Наверное, разбирайся Реме в людях чуть получше, будь похитрее, — и она бы попыталась вновь спровоцировать Брида. Карререс был уверен: хранительнице хватило бы и знаний, и интуиции. Ей просто не приходило в голову сделать это нарочно, — и, может быть, к лучшему: доведенный до отчаяния капитан на этот раз мог решить, что насилие все-таки лучше, чем безнадежное ожидание. А если бы Брид больше понимал в женщинах, если бы его опыт не сводился к заигрываниям с портовыми шлюхами? Наверное, он бы придумал, как добиться расположения Реме… Да они просто созданы друг для друга, два сапога — пара, мрачно усмехнулся Карререс.

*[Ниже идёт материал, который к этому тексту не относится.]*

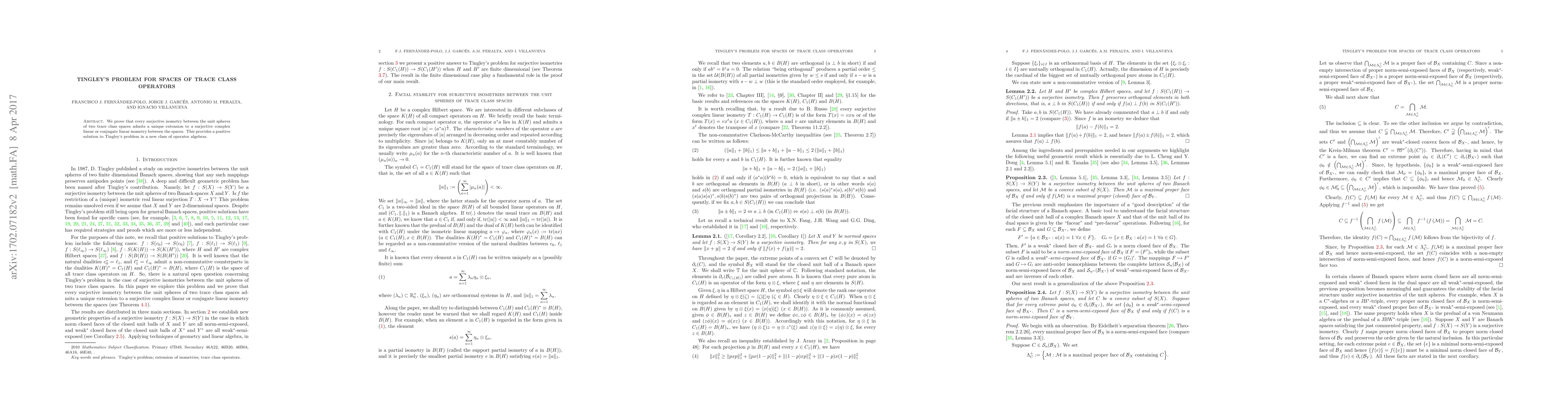 We prove that every surjective isometry between the unit spheres of two trace class spaces admits a unique extension to a surjective complex linear or conjugate linear isometry between the spaces. This provides a positive solution to Tingley's problem in a new class of operator algebras.

Может быть, стоило послушать Реме, подумал он. Отступить, только чтобы успокоить. Карререс был уверен, что исследования источника никому не причинят вреда: чуять подобные запреты он научился давным-давно, с трудом, но смирившись с тем, что на карте знаний приходится оставлять белые пятна. Дело было не в тайнах источника. Однако предчувствие страшной ошибки, надвигающейся беды не оставляло.